Chroniques

par bertrand bolognesi

Susanna Mälkki dirige le Philhar'
Beethoven, Sibelius et Strauss

Salle Pleyel, Paris
- 23 mai 2008
la cgeffe finlandaise Susanna Mälkki photographiée par Simon Flowler
© simon flowler

C’est la création française d’une œuvre écrite il y a treize ans par Aribert Reimann sur sept poèmes d’Emily Dickinson que le public est venu découvrir. Malencontreusement souffrante, Christine Schäfer, qui chante souvent la musique du Berlinois, est contrainte d’annuler sa prestation, de sorte que Finite Infinity ne se laissera pas entendre cette fois-ci, cédant la place à… la Troisième de Beethoven (oui, vous avez bien lu).

Au mélomane parisien, qui jusque-là, apprécia le talent de Susanna Mälkki dans le répertoire contemporain, s’ouvre alors la possibilité d’en aborder la superbe dans le domaine « ancien ». De 1804 à 1913, il écoutera la patronne de l’EIC livrer, à la tête d’un Orchestre Philharmonique de Radio France à la petite harmonie en particulière bonne forme, ses approches choisies d’un hier dont elle ne manque pas de souligner le possible aujourd’hui.

D’emblé preste, voire leste, l’Allegro con brio de la Symphonie en mi bémol majeur Op.55 n°3 impose une fluidité inattendue qui fait fi des contrastes habituels. Mais la lecture ne se tourne pas pour autant vers un classicisme soucieux d’équilibre parfait ; les choix d’articulation et d’accentuation n’oublient jamais l’impétuosité d’un auteur que, sans conteste, l’on trouvera à l’étroit dans son siècle. Ainsi la reprise du thème initial cède-t-elle en urgence ce qu’elle promit de serein. Cet abord d’une exigeante fermeté scelle une Marche funèbre enlevée par un trot digne où la clarinette naît d’un relief presque douloureux. Sans regarder jamais en arrière, le mouvement avance dans le plus grand dépouillement, débarrassé de toute pompe. À l’inverse, l’Allegro vivace déploie une emphase rageuse que le conclusif Allegro ma non troppo mène avec une frémissante espièglerie, non dénuée d’élégance, vers une furieuse jubilation. L’approche personnelle de la baguette finlandaise sait conjuguer ses propres élans aux conceptions dites « baroqueuses »des symphonies de Beethoven ; autrement dit, elle parvient à replacer l’œuvre dans son contexte historique tout en n’oubliant pas l’histoire de l’interprétation.

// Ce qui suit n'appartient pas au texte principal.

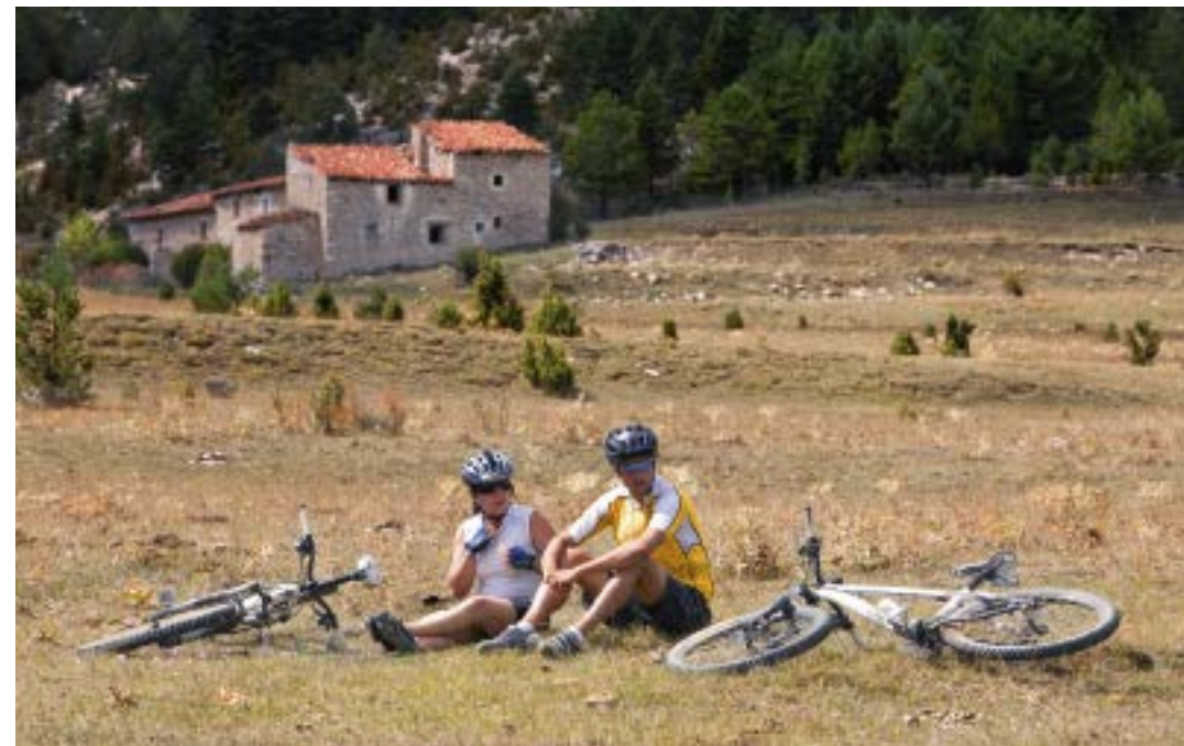
A lo largo de las rutas también hay momentos para relajarse

Un bon siècle plus tard, Jean Sibelius compose son Opus 14, soit Le barde, bref poème symphonique s’inspirant de Runeberg, poète national d’expression paradoxalement suédoise (né presque en même temps que la symphonie précédemment jouée). D’une inflexion sombre et grave qui semble demeurer toujours sur un commencement à l’exclusion de tout développement, la première partie de l’œuvre invite à une méditation lasse que le second épisode, sorte de réminiscence furtive qu’on pourrait croire avortée, ne parvient pas à contrecarrer. L’interprétation cultive un climat de recueillement traversé par une dynamique délicate et soignée.

Petit recul médian, pour finir, avec Tod und Verklärung de Richard Strauss, encore une œuvre habitée par la mort, comme la jeunesse de son auteur (vingt-cinq ans). À l’encontre d’un Schönberg qui, presqu’au même moment, l’intègrerait au sarcasme dans la suite de Mahler, la mort inscrit Strauss dans un héritage romantique. Susanna Mälkki réserve un grand suspens à l’introduction, annonçant sept ans plus tôt celle d’Also sprach Zarathustra et où se laissent déjà percevoir, dans l’arrivée de la seconde section, les toniques excès d’Elektra. L’exécution de ce soir bénéficie d’un ressort dramatique remarquable, mais, surtout, révèle la diversité d’approche de Mälkki. Ici, la partition ne semblera pas indiquée, comme pour Beethoven, ou portée vers la lumière, comme pour Sibelius, mais tissée en profondeur, dans un lyrisme polychrome subtilement nuancé. De fait, c’est musicalement vers Rosenkavalier et intimement vers les Cinq derniers Lieder que tend l’ultime étirement contemplatif, magistralement mené.